Avukat ile müvekkil ilişkisi karşılıklı olarak saygı, güven, iş birliği ve sadakat kurallarına dikkat edilmelidir. Avukat, görevini ifa ederken sadakat borcu gereği olarak müvekkilinin yararına olacak davranışlarda bulunma zorunluluğundadır.

  • Avukatın görevini yerine getirirken gerekli özen ve dikkati göstermemiş olması,
  • Sadakatle avukatlık görevini ifa etmemiş olması,
  • Kusurlu davranışı nedeni ile müvekkili ile aralarındaki güven ilişkisinin sarsılmasına neden olması,
  • Müvekkilini bilgilendirme yükümlülüğünü yerine getirmemesi,
  • Menfaat çatışmasına neden olunması vb. durumlar vekillik görevine aykırı olup, haklı azil nedenlerine örnektir.

“AZİL HAKLI BİR NEDENE DAYANIYOR İSE VEKALET ÜCRETİ ÖDENMEZ.”

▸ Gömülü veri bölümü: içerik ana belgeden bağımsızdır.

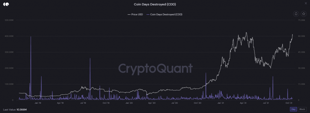 Sponsored Sponsored- Chỉ số on-chain CDD (Coin Days Destroyed) là chỉ số đầu tiên mà chúng ta nên lưu ý. Có hai kịch bản xảy ra với chỉ số on-chain này. Nếu chỉ số này biến động lớn, điều đó có nghĩa là các đồng coin lâu năm đang được di chuyển. Ngược lại, nếu chỉ số này biến động ít, mọi thứ ngược lại. Hình dưới đây cho thấy hiện đang ở mức thấp trong tuần qua.

Avukatlık Kanunu’nun 174. Maddesi “Avukatın azli halinde ücretin tamamı verilir. Şu kadar ki, avukat kusur veya ihmalinden dolayı azledilmiş ise ücretin ödenmesi gerekmez.” hükmünü haizdir. Bu hükme göre azil işleminin haklı nedene dayandığının kanıtlanması halinde müvekkilin avukata vekalet ücreti ödeme yükümlülüğü ortadan kalkmaktadır.
Avukatın haksız azledilmesi halinde, hangi aşamada olunursa olunsun vekil üstlendiği işin tüm vekalet ücretini talep edebilme hakkına sahip iken haklı azil halinde azil tarihi itibari ile yalnızca kesinleşen işlerden dolayı vekalet ücreti talep edebilecektir. Avukatlık Kanunu’nun, 174. maddesinde, “Avukatın azli halinde ücretin tamamı verilir. Şu kadar ki, avukat kusur veya ihmalinden dolayı azledilmiş ise ücretin ödenmesi gerekmez.” Hükmü mevcut olup, bu hükme göre azil işleminin haklı nedene dayandığının kanıtlanması halinde müvekkil avukata vekalet ücreti ödemekle yükümlü değildir. Dairemizin kökleşmiş içtihatlarına göre haklı azil halinde ancak azil tarihi itibariyle sonuçlanıp, kesinleşen işlerden dolayı vekalet ücreti talep edilebilir. Zira vekalet ilişkisi bir bütün olup azil, taraflar arasındaki tüm dava ve takiplere sirayet edeceğinden, azlin haklı olduğunun kabul edilmesi halinde, davacının azil tarihi itibariyle sonuçlanıp kesinleşmeyen işlerden dolayı vekalet ücreti talep edebilmesi mümkün değildir…” (Yargıtay 13. Hukuk Dairesi’nin 15.03.2018 Tarih, 2016/19132 Esas ve 2018/3123 Karar Sayılı Kararı)

İşte bu Yargıtay kararında olduğu gibi bu husus çok sayıda Yargıtay Kararında kabul görmüş, kökleşmiş bir içtihat haline gelmiştir.